Cuando hablamos de “Iniciación” no estamos refiriéndonos a ceremonias, rituales o formalidades litúrgicas sino a un momento cumbre en el desarrollo espiritual, un estado de conciencia superior que también se conoce como Iluminación, despertar de la conciencia o apertura del ojo interior.
Este hito existencial permite que nuestra conciencia alcance un punto de observación privilegiado, un espacio situado exactamente entre la materia y el espíritu, un lugar intermedio a veces llamado “Mundus Imaginalis”, que no es otra cosa que el plano del Alma.
En esta posición central, el Alma iluminada –que estaba anestesiada, miope y confundida– puede finalmente recordar, ver y orientarse conscientemente.
La expansión de la conciencia es una consecuencia del despertar de nuestras facultades latentes. La apertura del “ojo del corazón” nos permite integrar los dos planos y llevarnos al reconocimiento de que somos “seres de dos mundos”: entidades espirituales viviendo una aventura material. Con la Iniciación desaparece toda oposición, toda dicotomía entre “lo sagrado” y “lo profano”.

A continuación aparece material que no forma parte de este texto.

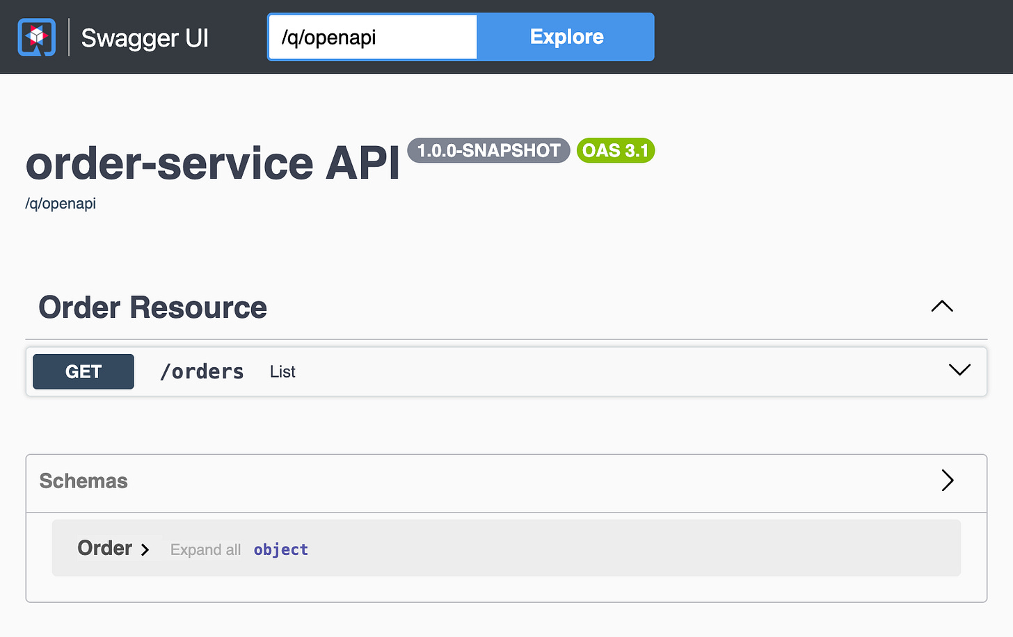 version: 1.0.0-SNAPSHOTThe response includes the /orders path, the GET operation, the schema for Order, and the correct response metadata. There is no discrepancy between what runs and what is documented because both are produced from the same source.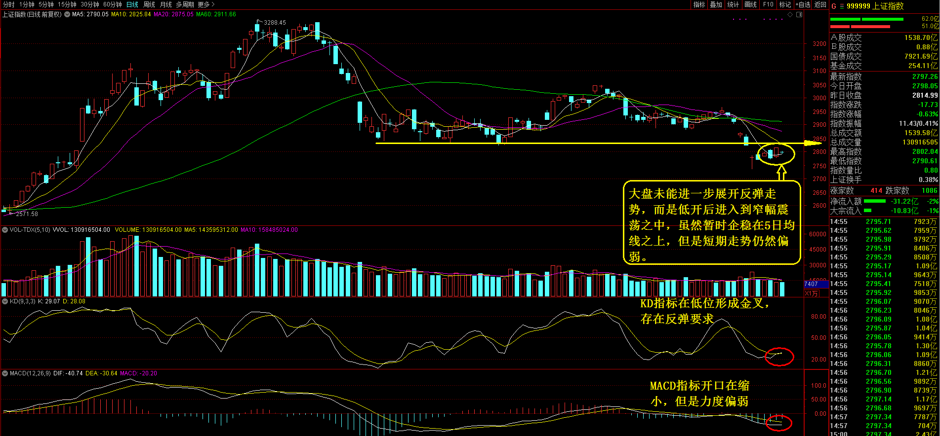 周二大盘未能延续前一交易日的反弹走势继续上攻,反而走出了低开后的小幅震荡调整走势并再次失守2800点整数关口。早盘大盘受外围市场下跌影响直接低开在2798点,此后大盘并没有展开明显的反弹走势,而是走出了小幅横盘震荡的行情。午后大盘基本上维持了震荡格局,终盘以2797点报收,成交量为1539亿元。今日大盘由于受到外盘大幅调整的影响出现了较明显的低开,再次跌破了2800点整数关口,而且由于反弹力度太弱,也未能再次突破2800点整数关口的压制,收出了一颗小阴十字星。对于大盘的这个低开窄幅震荡走势,我们可以看到大盘目前表现出明显疲弱态势,虽然指数最终收在了5日均线之上,但是却未能站上2800点整数关口,同时10日均线仍在快速下行,使得上方的压力进一步下移。结合当前大盘所处的位置来看,8月6日形成的这个向下跳空缺口对大盘有较强的压力,在没有其他利好消息的情况下,大盘很难重返2820点的压力位之上。操作上,大盘已经再次进入弱势运行之中,对盘中反弹一定要保持谨慎,坚持空仓观望。(仅供参考!深圳明时投资)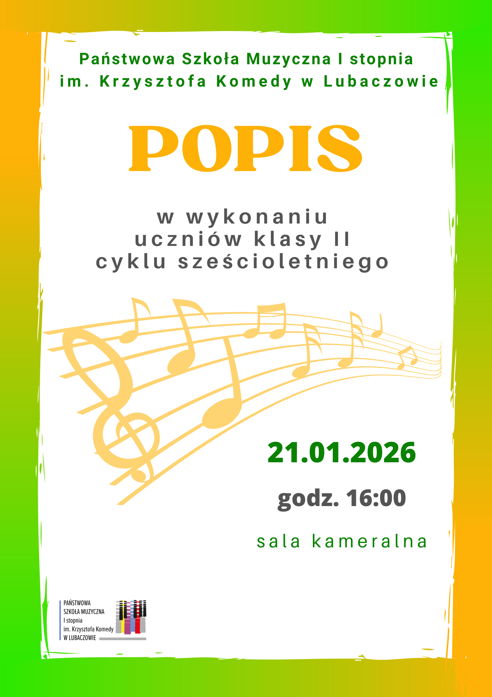 Zapraszamy na popis uczniów klasy II cyklu sześcioletniego, który odbędzie się 21 stycznia 2026 r. o godz. 16:00 w sali kameralnej.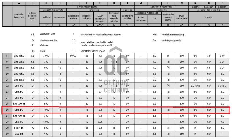 - Övezet: Lke-4/O közepesen intenzív, oldalhatáron álló, kistelkes hegyvidéki kertvárosias lakóterület

El equilibrio entre dos mundos puede resumirse en la máxima discipular: “Pedes in terra ad sidera visus” que significa “Los pies en la tierra, la mirada en el cielo”, una alusión a este punto intermedio que nos permite convertirnos en puentes, elementos de conexión entre lo que está arriba con lo que está abajo, lo de adentro con lo de afuera.

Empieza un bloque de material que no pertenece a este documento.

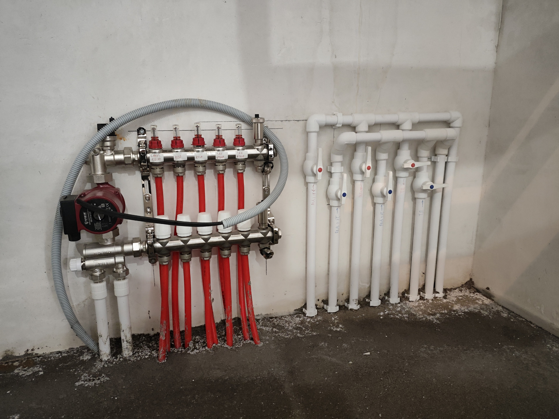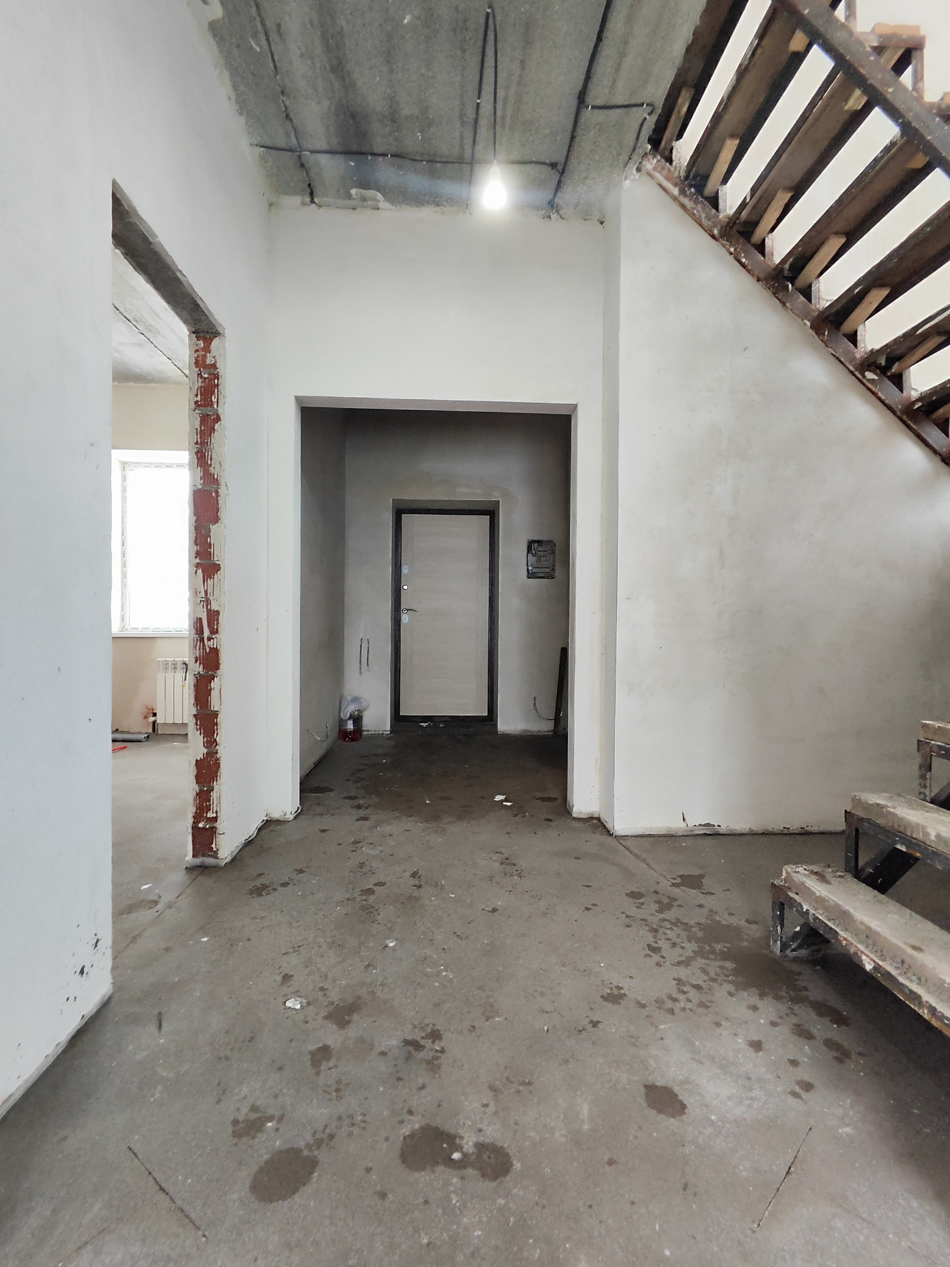 Фундамент ленточный с буровыми сваями через 1,5 метра, Стены – теплая керамика, задуваемая эковата 10 см., облицовочный кирпич. Внутри стены – теплая штукатурка, финишная шпаклевка, стены выровнены. Пол – обратная засыпка с тромбовкой песка, влагоизоляция, армированная бетонная плита, утеплитель пенополистерол, теплый пол и стяжка пола. Потолок – эковата 20 см. Чердак холодный обслуживаемый, доступ через люк в кладовой.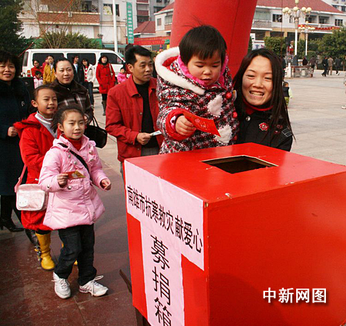 南雄市借助春節(jié)人們團(tuán)聚的機(jī)會,利用電視、公益告示、宣傳車等各種宣傳渠道,廣泛發(fā)動社會各界力量,開展“我與災(zāi)民心連心”募捐活動,以各種形式為災(zāi)區(qū)送溫暖獻(xiàn)愛心。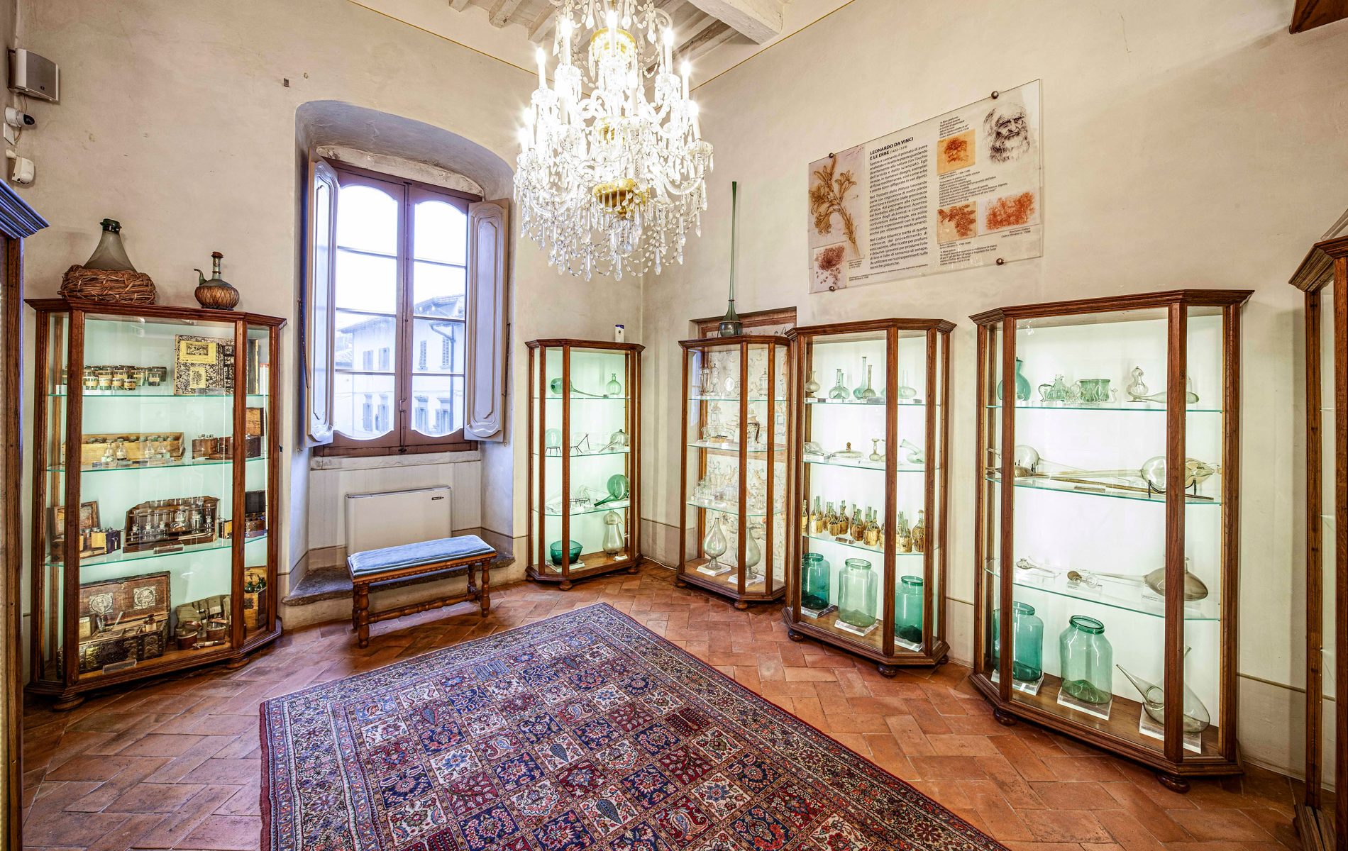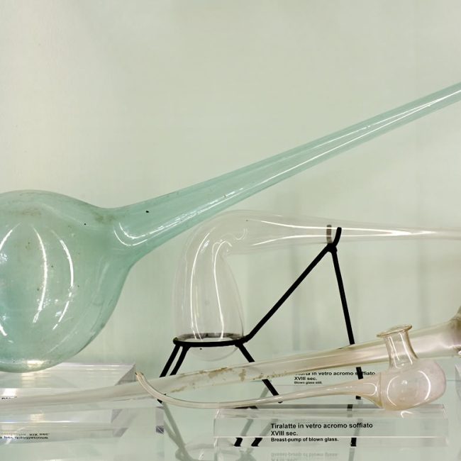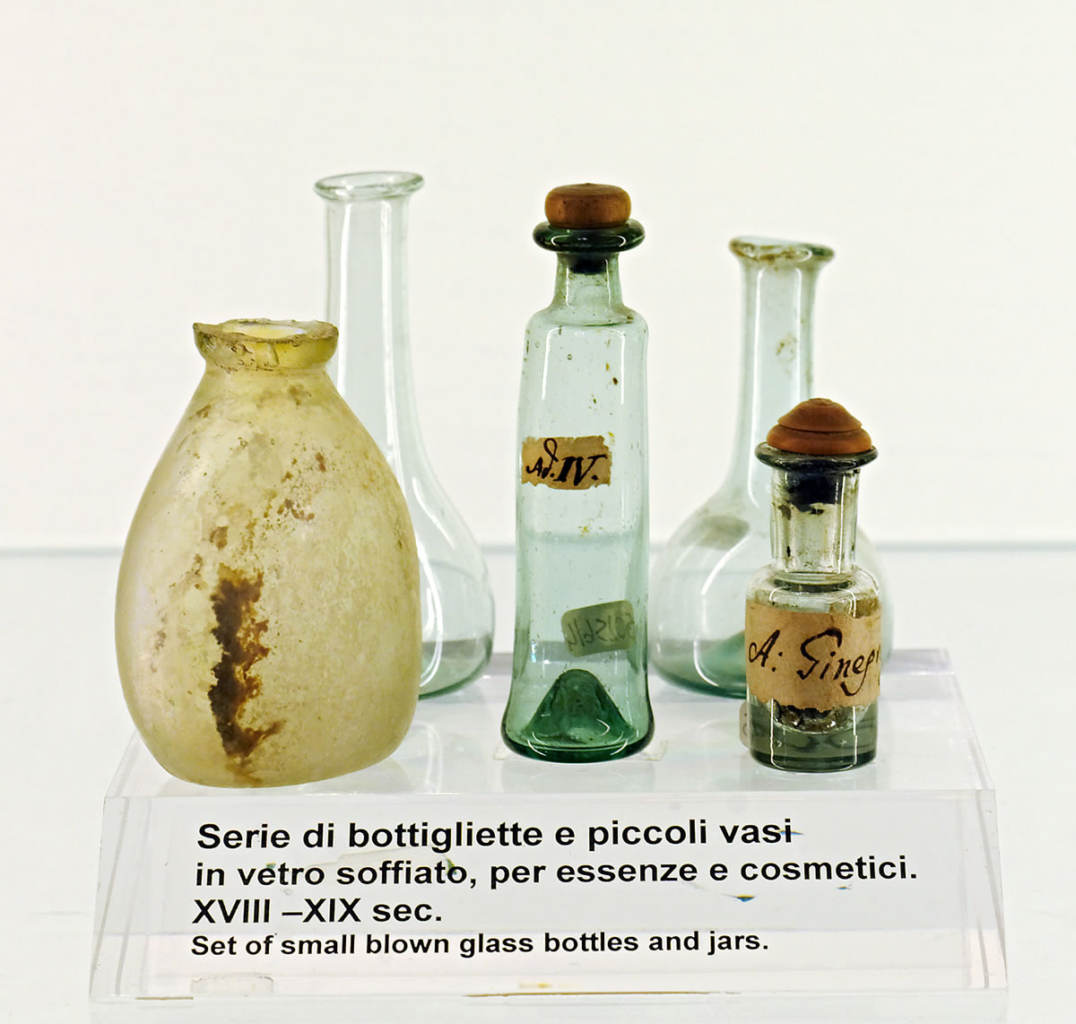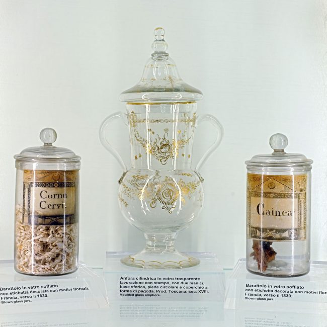 Il vetro, materiale facilmente modellabile, si è sempre prestato per realizzare le dotazioni della farmacia, compresi numerosi strumenti per il laboratorio

La negación de la vida interior nos condena a vivir una existencia superficial, vacía, carente de propósito. Pero –por otro lado– la negación del plano material nos puede llevar a una vida solitaria y miserable, donde la espiritualidad puede ser simplemente una excusa para aislarnos y evadirnos de nuestras responsabilidades.
La vida espiritual no puede esconderse del mundo y ese fue, justamente, el monumental aporte del Buddha: “Si las cuerdas del sitar están demasiado tensas, se rompen. Si están demasiado flojas, no suenan”. La vía del medio. Lo mismo expresaban los alquimistas al decir: “Fac fixum volatile et volatile fixum” (“haz fijo lo volátil y volátil lo fijo”), aludiendo a una materialización del espíritu y una espiritualización de la materia.

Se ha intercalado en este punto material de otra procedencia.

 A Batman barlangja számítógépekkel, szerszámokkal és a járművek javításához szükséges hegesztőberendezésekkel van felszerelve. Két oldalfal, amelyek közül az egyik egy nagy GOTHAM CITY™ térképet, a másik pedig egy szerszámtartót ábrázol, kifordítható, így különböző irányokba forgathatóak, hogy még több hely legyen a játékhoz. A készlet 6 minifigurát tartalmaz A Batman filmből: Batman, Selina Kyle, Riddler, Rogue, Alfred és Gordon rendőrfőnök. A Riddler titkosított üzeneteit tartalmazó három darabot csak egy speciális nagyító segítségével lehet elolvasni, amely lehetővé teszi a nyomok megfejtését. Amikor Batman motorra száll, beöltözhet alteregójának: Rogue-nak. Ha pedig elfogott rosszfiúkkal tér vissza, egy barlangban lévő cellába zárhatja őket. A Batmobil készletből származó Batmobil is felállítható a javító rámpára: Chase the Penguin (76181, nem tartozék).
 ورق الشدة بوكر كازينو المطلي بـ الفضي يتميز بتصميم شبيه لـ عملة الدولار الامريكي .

La aceptación de estas dos realidades como complementarias e interdependientes, y su incorporación plena a la cotidianidad, nos permite hablar de una espiritualidad iniciática, una vía trascendente que toma como punto de partida la vivencia y no la creencia, y que prioriza el equilibrio armónico entre los dos planos.
La vida espiritual necesariamente debe estar integrada en nuestra vida diaria: en todo lo que hacemos y en lo que dejamos de hacer, en nuestra relación con los otros, en nuestros pensamientos, palabras y acciones.
Esta visión se contrapone a la espiritualidad entendida como un “hobby”, es decir a una actividad confinada a un espacio y tiempo limitado (ejemplo: la iglesia los domingos o la sala de meditación dos horas por semana).
La espiritualidad iniciática está subordinada a un Ideal fundamentado en la Fraternidad Universal y en el Amor, en un camino de regreso a la fuente primigenia tanto a nivel individual (la reintegración con el Uno) como a nivel comunitario (la restauración de la sociedad primordial).
La adhesión intelectual a este Ideal Iniciático no es suficiente. Es necesario hacernos uno con él, convirtiéndonos en instrumentos de Dios en la Tierra. Y al hablar de Dios no estamos hablando de una divinidad antropomórfica y externa, sino del único Dios que vale la pena: el que habita en nuestros corazones.
Al lograr esta conciencia permanente de la presencia divina en nosotros, permitimos que la sabiduría trascendente fluya y se exprese a través de nosotros para convertirnos en canales de Dios, en agentes eficaces del Ideal Iniciático.